I’ve been very irritable lately. This has been going on for nearly 2 weeks. The crazy thing is that I’ve been on vacation for 2 weeks. Is being on vacation making me irritable? I don’t feel very refreshed. I can’t pinpoint what is wrong with me. I can’t sleep. I keep getting headaches. I wake up at around 3am and I feel so much is on my mind (in fact it is 2:45am right now).

I know I need to make my life more organized. I have stepped back in some of my ministries. It has been good. But I don’t feel organized at home. I can never find anything. I have been getting rid of ’stuff’ lately. I keep running across things I really don’t need. But I really don’t how to do this. It has been very stressful. I’ve enjoyed having the kids for spring break this week, yet I don’t get much accomplished when I have them for long periods of time either. They go back to school today. I will miss this time with them, but I also know I need time to myself.

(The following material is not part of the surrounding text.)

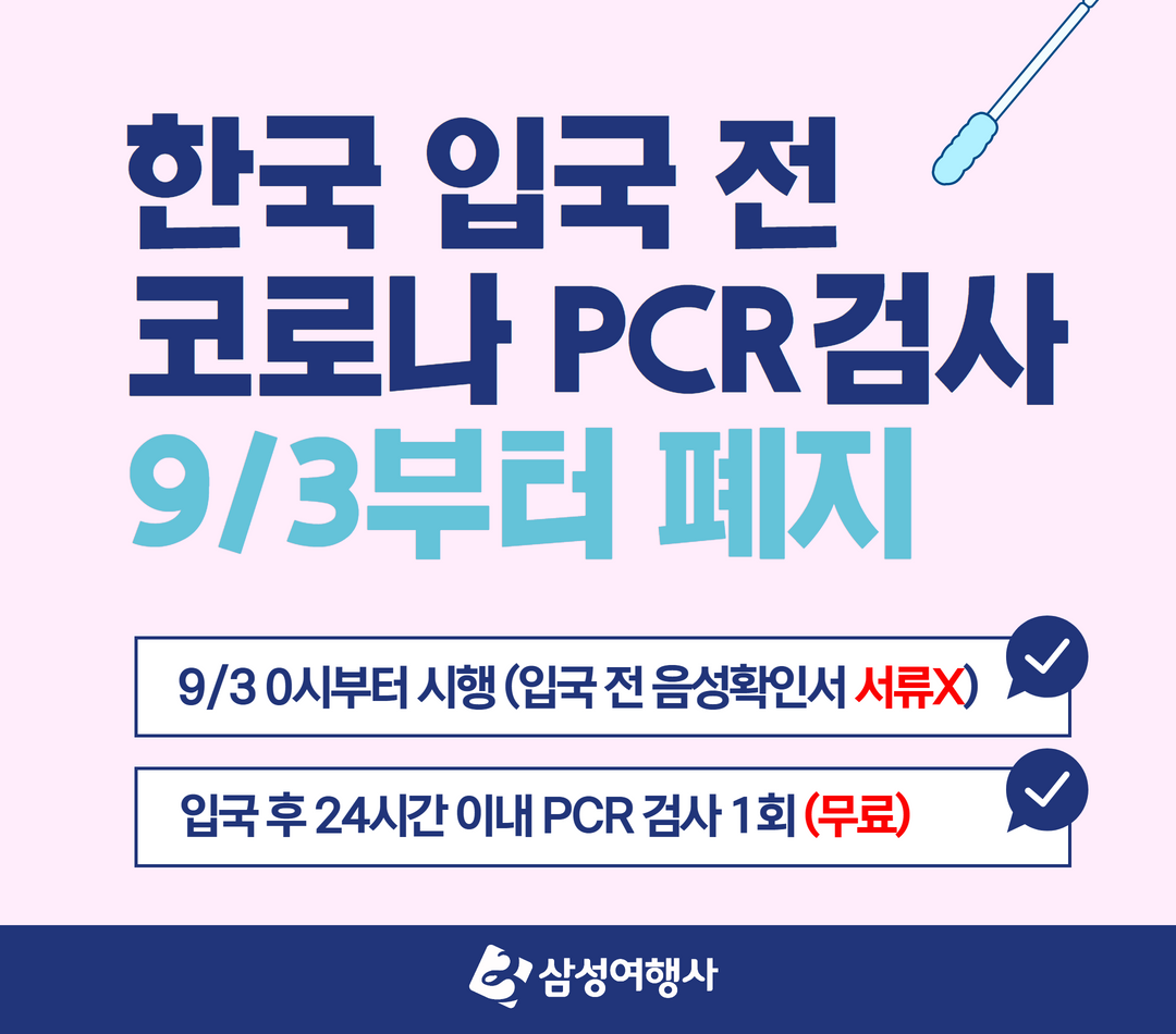 정리 하자면 한국 입국 전 꼭 필요했던 신속항원검사 및 PCR검사가 9/3 00시부터 폐지되어 앞으로는 한국 입국 후 24시간 이내 주거지 관할 보건소에서 PCR 검사 1회(여권 지참 시 무료)만 하시면 되니 참고 부탁 드립니다. 감사합니다.

I am noticing that I have become very short with people. I’m hearing this from others as well. My patience has recently run out. I have had little patience in leading my small groups. I have little patience when I drive. It’s not getting better. I’m at a point where I just want to be alone. I really don’t like this feeling.

I have one more week of vacation. I want to get to the bottom of this feeling. Only way I know how is to make this week about God. I don’t have too much going on, so I have no excuses in making time for Him. I’m hoping to find myself deep in the Word and deep in meditation. I need to relax and take things one at a time this week. I need to focus on Him.